CEO of CD Cloud Logix

Table of Contents

Moving from Heroku Review Apps to AWS App Runner could be quite easy to do, let’s review it!

What is Heroku Review Apps?

A bit of background, Heroku is a container-based cloud Platform as a Service (PaaS). One of the major strength of Heroku has to offer is Review Apps, giving the opportunity to review your branches before they get merge in your GitHub repository. Review Apps is basically a collaboration tool that assist with providing an environment to showcase product changes.

Heroku has also many other possibilities and capabilities such as managing TLS Certificates, CI / CD pipelines, scaling on your behalf, so on and so forth.

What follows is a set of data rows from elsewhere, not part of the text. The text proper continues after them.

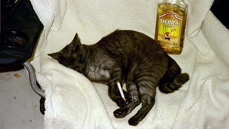 Pamiętam, że mój w dzieciństwie też skoczył za ptaszkiem ze stołu i uderzył czółkiem prosto w szybę, a potem się osunął bez życia na podłogę. A potem wstał, otrząsnął się i żyje do dziś. Czasem wskakuje wieczorem na mój parapet, wyciąga się jak długi wzdłóż okna i się przeciąga. A potem łapie jakieś sznurki wiszące z góry, uderzając łapkami w szybę. Od strony ulicy wygląda to bosko, jakby kot walił łapkami w okno z krzykiem "ratunkuuuuuuuuuu"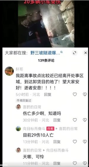 【人民報消息】(人民報記者程曦報導)近日,大陸社交媒體盛傳,12月17日,北京七環高速G95河北路段都衙隧道內一輛天然氣罐車發生碰撞後起火爆炸。網友發布消息說,有20多輛車嚴重毀損,死亡10人傷29人,屬於重大事故。目前,未見大陸官方通報該起事件。 從網友發布的視頻顯示,爆炸發生時,隧道內火光沖天,濃煙滾滾。爆炸後,隧道內一片狼藉,滿地車輛殘骸,多達20多輛車嚴重毀損,慘不忍睹。有些車輛已經被炸得支離破碎,車輛裡面的人員狀況讓人堪憂。 北京七環高速G95河北路段都衙隧道爆炸視頻 很多大陸網友發帖透露這起爆炸事故的消息。 「事發時隧道裡面有幾十輛車,人基本上都沒有跑出來。」 「我的好兄弟在那個隧道裡失去了年輕的生命,才37歲,連人都找不到,只撿到2塊骨頭。」 「我距離事故點比較近,已經離開處(出)事區域。」 「目前29傷10人亡」。 還有網友表示:「剛村裡的打電話,我的朋友沒了。」 「好多車都炸了,隧道都塌了,火著了兩天。」 「隧道裡油罐車爆炸涉及幾十輛車,死傷很嚴重,逆向隧道也都是煙」。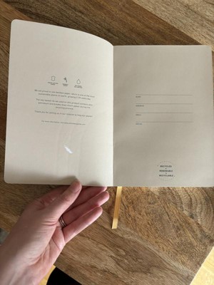 It is so refreshing to has a simple journal to take with me in nature. Its recyclable and its all around eco-friendly. I love the color, it's one of my favorites. Also, the pages are just about timeless. You can choose any day, month, or year. There's also a place holder to easily come back to your last page.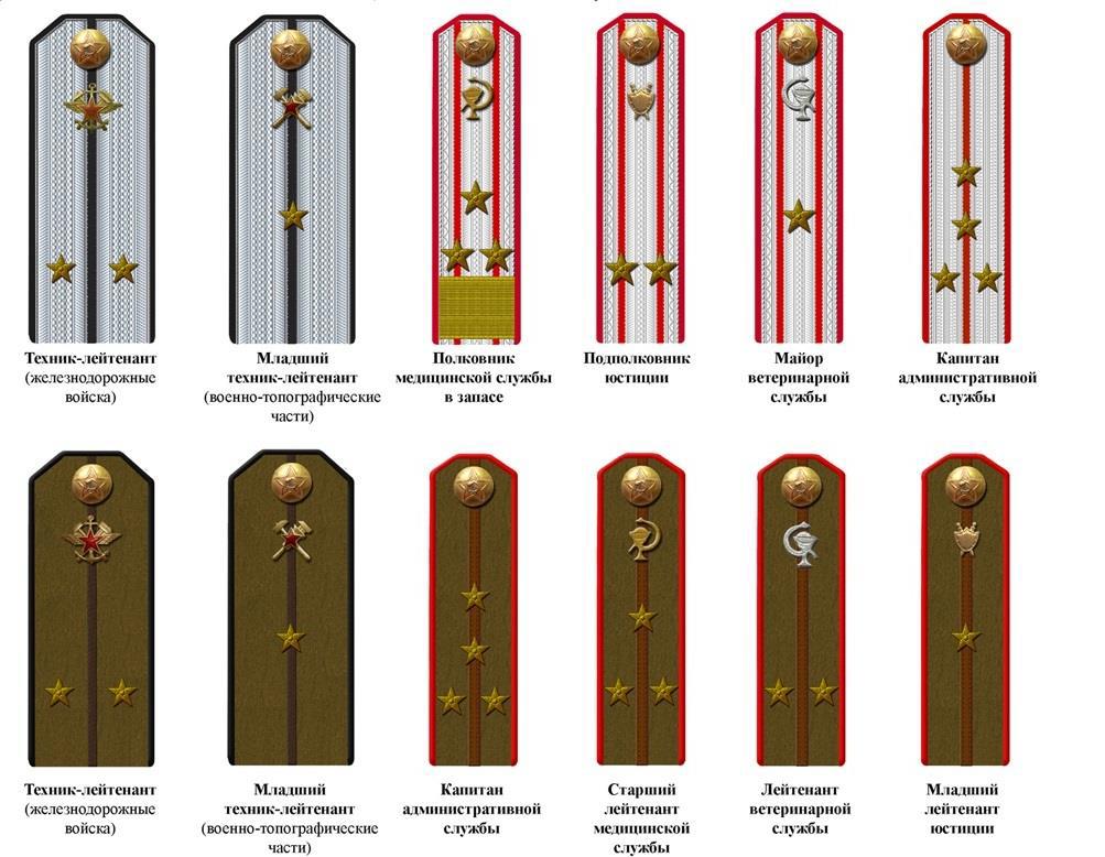 Для офицеров со средним военно-техническим (или просто со средним техническим) образованием оставлялись существующие с 1942 года воинские звания: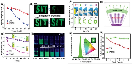 在新型钙钛矿量子点等发光材料研究领域,房永征教授、刘玉峰副研究员与中科院上海技术物理研究所合作,将钙钛矿量子点均匀生长于介孔氧化硅孔道内,复合物CsPbBr3/m-SiO2粉末光致发光量子产率显著提高,并制备了柔性发光二极管器件,实现了远程发光。研究成果发表在Nanoscale上,影响因子为6.97。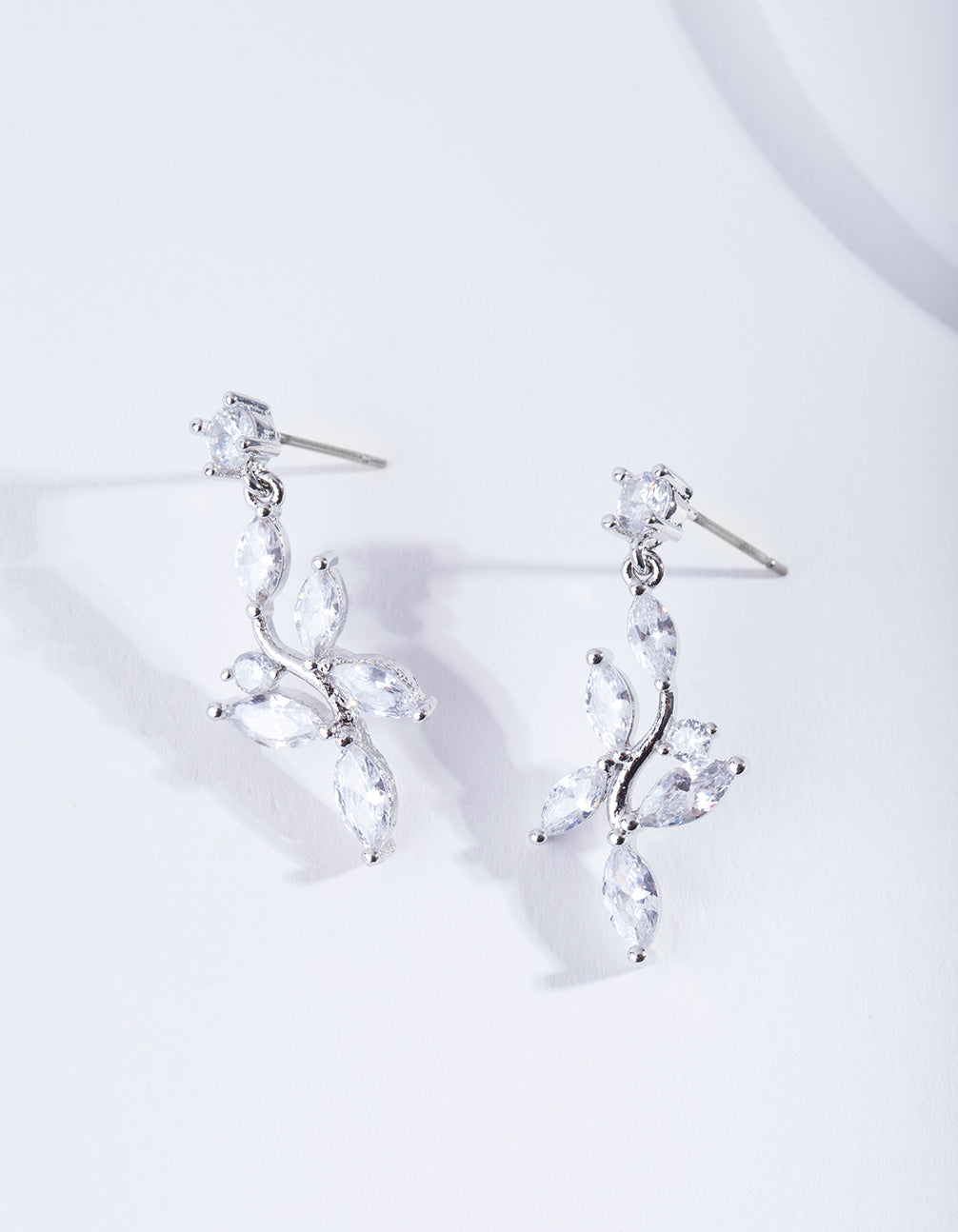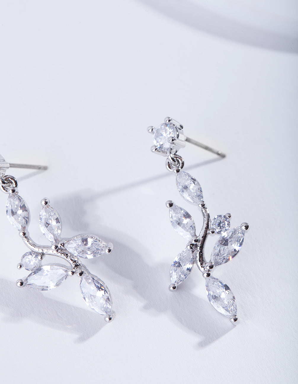 Add some sparkle with Diamond Simulants, cut to emulate the facets and shine of a true diamond. This pair of earrings boast a floral navette design.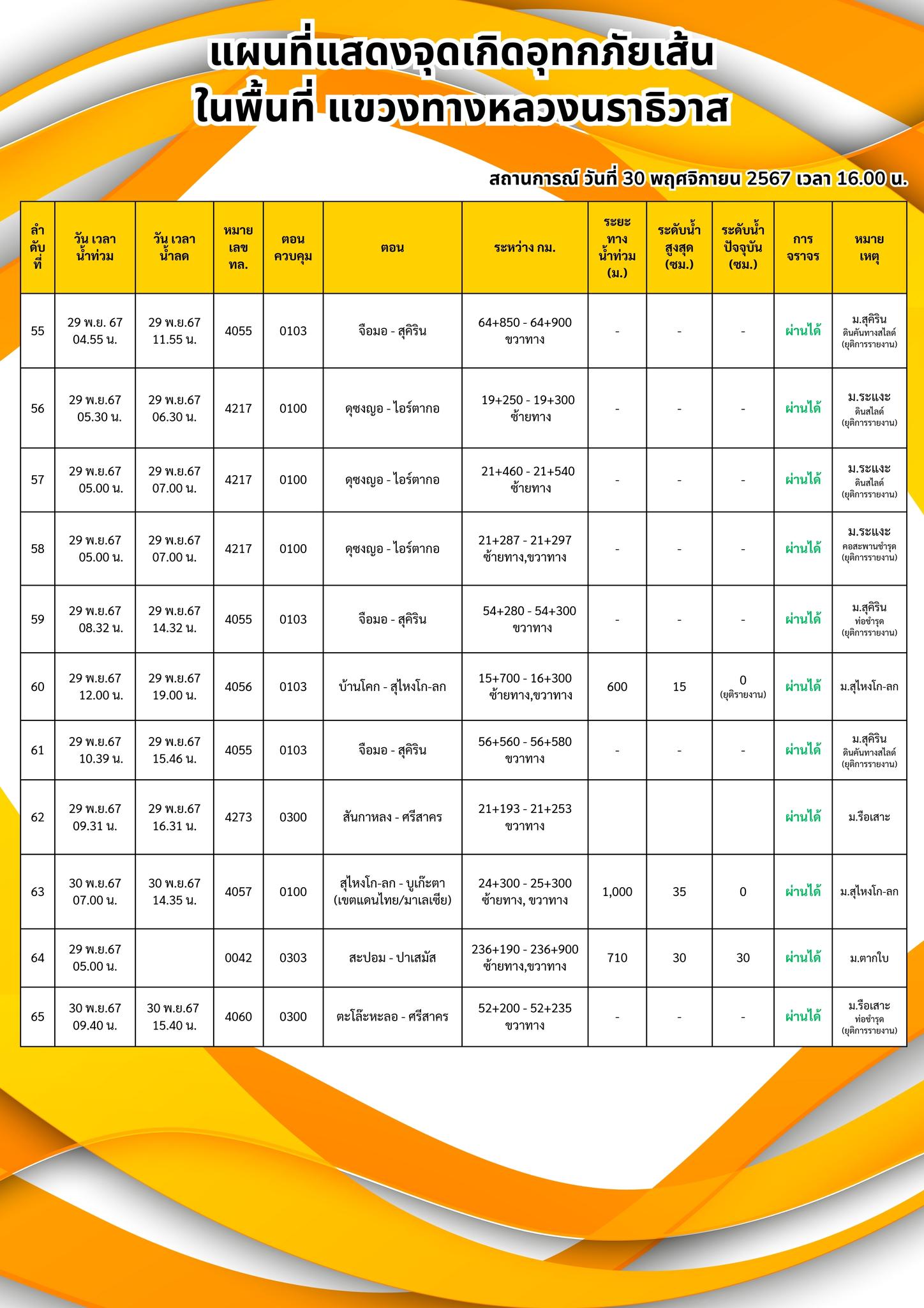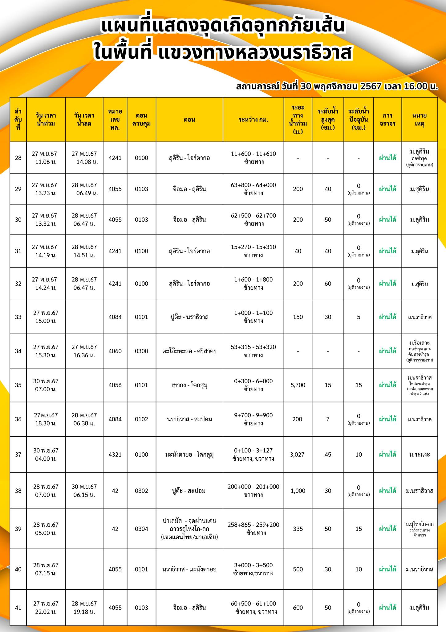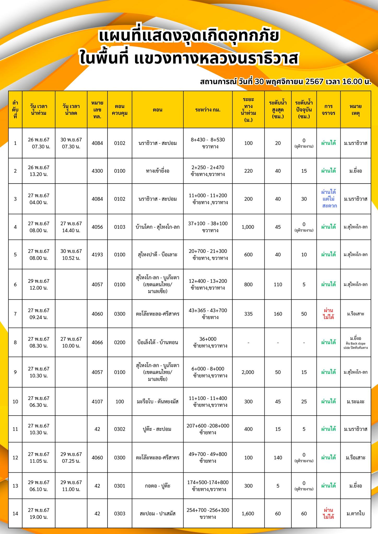 แขวงทางหลวงนราธิวาส ขอรายงานสถานการณ์อุทกภัยในพื้นที่จังหวัดนราธิวาส วันเวลาที่ update วันที่ 30 พ.ย. 67 เวลา 16.00 น.

At the end of the day, Heroku is the perfect example of practicing GitOps methodology, you can read more about it here.

AWS App Runner, what is it?

AWS App Runner has been introduced recently (may 2021) and offer a similar approach to Heroku Review Apps:

  • No orchestrators to configure
  • No need of pipelines
  • No Load Balancer to set up
  • Nor any servers to manage

As for Heroku, AWS App Runner can easily be linked to GitHub and create some new services based on your repository. Another advantage is to deploy automatically new containers on the fly, AWS Runner Apps can monitor your ECR (Elastic Container Registry) repository and deploy when a new container is available.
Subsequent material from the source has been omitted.